The authors should elaborate on the paper's content at the end of the introduction.
The authors mention Matlab at the end of the paper, but it is not mentioned in the text, so this should be elaborated on.
It seems that the abbreviation ML has been used for different terms, both for machine learning (e.g. “In this work, we applied an ML method to the RGB images”) and for the term markerless (ML). This should be clarified.
The content of Figure 1 (Figure 1. Block diagram of the proposed ML-based method.) is oversimplified; it should be more detailed. Besides, is the ML-based term in the title of Figure 1 referring to machine learning of markerless?
There are no sufficient details about the algorithm in sub-chapter B. 2D Tracking algorithm.
Prepare the text in Lines 162-182 more professionally since using bullets here makes it hard to read.
Line 192. “The performance of the ML method described above”. Is this referring to machine learning or the markerless method?
Lines 207-208 – Authors already propose a new measurement here but do not provide information about it. Currently, from the text, it is not clear that the new measurement is being proposed.
Figures 4, 5 and 6 are obsolete in the text, and it would be better to present the data from the figures in the table and move it to Appendix. It is hard to follow the data in figures 4, 5 and 6 since it is prepared for each infant separately. Besides, the average of the presented metrics according to infants suspicious of cerebral parsley and those not suspicious should be compared in such a table. Another possibility is to present the figures with the mean values of the presented metrics for those two groups of infants.
The current version of the text Comparison Against Prior Work Relating Parameters to Observed General Movement Patterns is hard to follow. It is too long and refers to infants regarding colours on figures, which is hard for the reader to follow. The suggestion is to present the data from figures 4, 5 and 6 in the table in the appendix. This part of the text should also be shortened; it currently looks like the part of the project report and not the scientific article.
Discussion regarding the theoretical contributions in deep learning for movement classification is lacking.
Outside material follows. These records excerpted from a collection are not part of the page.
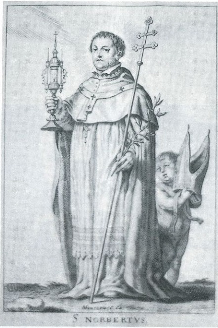
Abb. 2: B. Moncornet, Hl. Norbert; vor 1628.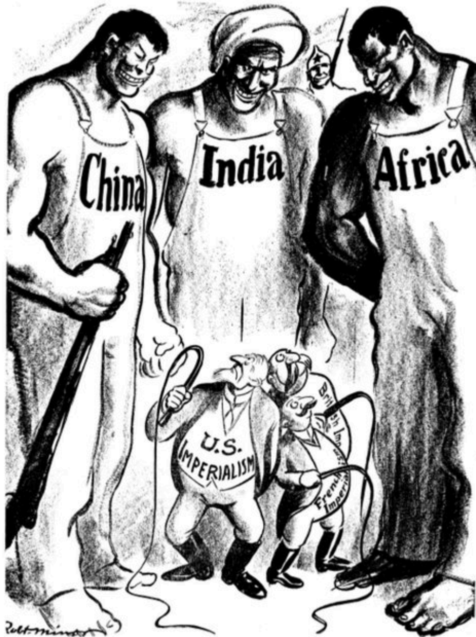
Figure 6. Robert Minor, "On the International Slave Plantation." Daily Worker , June 27, 1925. Caption: Who Is That You All Are Going to Whip, Mr. Legree?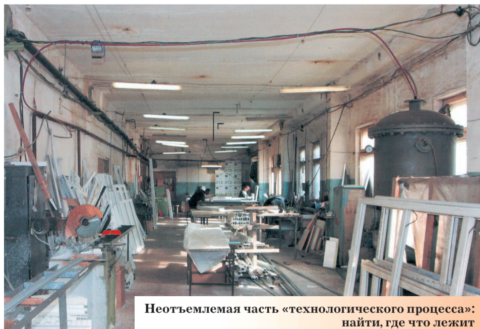
Неотъемлемая часть «технологического процесса»: найти, где что лежит

В отличие от небольших фирм, компании-лидеры и их клиенты чувствуют сейчас себя уверенно. Количество заказов, если и снижается, то незначительно. Помогают нарабатываемая годами репутация и клиентская база. Официальное представительство компании Kaleva работает в Переславле и Переславском районе уже второй год. За это время заключено свыше 800 договоров на установку пластиковых окон. Для небольшого города - цифра очень показательная! Заказывать окна у нас стало престижно. Наши клиенты рекомендуют окна Kaleva своим родным и знакомым. В компании работают собственные бригады монтажников, прошедшие обучение на головном предприятии. Все возникшие вопросы решаются на месте и не откладываются в долгий ящик. Каждое действие монтажников под контролем.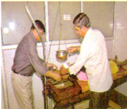
सिंहस्थ मेले में लगाये गये आयुष चिकित्सा शिविरों में प्रचकर्म चिकित्सा द्वारा श्रद्धालुओं को चिकित्सालाभ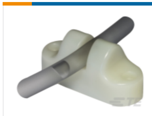
TE 产品编号10217758-00 ABD,AD-101,COMPACT ASSY,6MM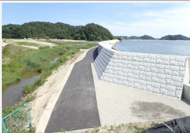
松島町側より東松島側を望む。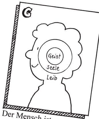
G Der Mensch ist eine Einheit aus Geist, Seele und Leib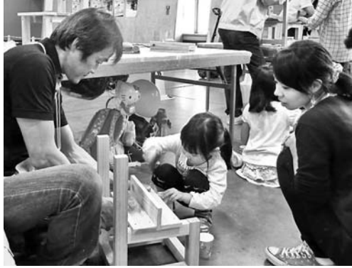
もうすぐ完成、もうひと頑張り

十月十四日(金)～十六日(日)、吹上ホールにてあいち住まいるフェア2016と建築総合展が開催されました。今年には住まいるフェアと建築総合展の同時開催となり一階は建築総合展、二階は住まいるフェアとなり、全建愛知では「催事・体験コーナー」として住宅相談コーナーとDIYコーナー「ミニ椅子の作成」を行い、お年寄りから家族連れの小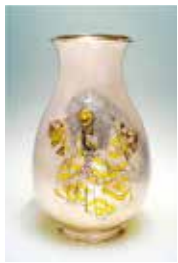
象嵌が施された銀製花瓶 能楽「石橋」の獅子舞踊 一寿&光行 高さ37.6cm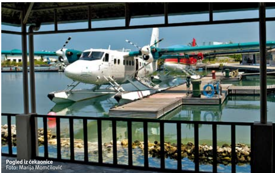
Pogled iz čekaonice

mesta. Ovaj avio prevoznik počeo je sa radom 1993. godine sa dva hidroaviona. Danas ih u floti ima ukupno 24, a godišnje preveze preko 40.000 putnika.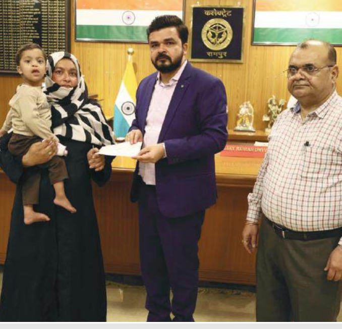
कलेक्ट्रेट सभागार में पीड़ित परिवार को चेक सौंपते जिलाधिकारी।

● दो मासूमों के इलाज के लिए बढ़ाए हाथ, जिलाधिकारी ने जनता दर्शन में सुनी पीड़ा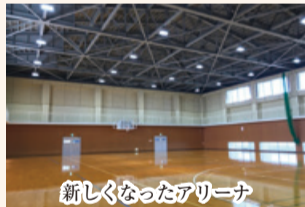
新しくなったアリーナ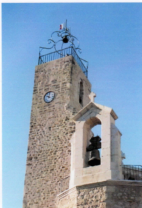
Vue actuelle du campanile surplombant le clocher de l'église

Une dernière touche pour figurer le campanile fut la fixation du drapeau tricolore. Ce qui fut fait quelques jours plus tard. À vrai dire, ce ne fut que la remise en place du symbole de la République, mais sur un nouveau support repeint aux couleurs de la France. En effet, il n'est pas en toile ou en tissus mais en tôle rigide. Aussi se comporte-t-il comme une girouette puisqu'il s'oriente mollement au grès du vent. La proximité du clocher de l'église lui donne ce cachet mi-religieux, mi républicain.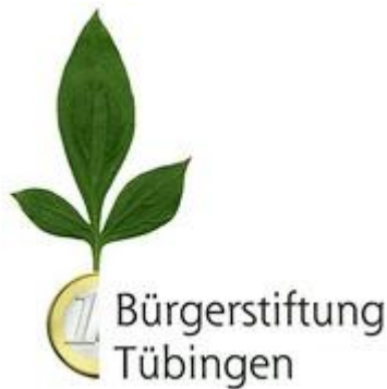
Logo: Bürgerstiftung Tübingen

Practical implications are more oriented towards the well-known details, such as recording infants and their positioning at home (which should be shortened or put in the research context), while practical implications of the potential usage of the deep neural network are missing.
Please, form the conclusion in the following manner:
First paragraph - summary of research and conclusion - e.g. In this paper...
Second paragraph - comparison with previous research
Third paragraph - short description of practical implications
Fourth paragraph - summary of paper limitations and further implications
Author Response
Please see the attachment
Author Response File: Author Response.pdf
Reviewer 4 Report
The research conducted by Balta et al. is of value and remarks an interesting application of technology to general practice. The markerless assessment is deeply explained in the material and methods section, and the procedures seems to be adequate and reproducible.
A comparison of the method presented against a gold standard diagnosis would have been desirable. In this regard, one evaluator reported valuable extra information about his observations while another was merely dichotomous. The impressions of a third evaluator would have been useful given the great discordance among the observers. However, this lack of diagnostic consensus among the experts underlines the need to include objective methods for the detection of cerebral palsy and thus puts in value the main objective of the present study.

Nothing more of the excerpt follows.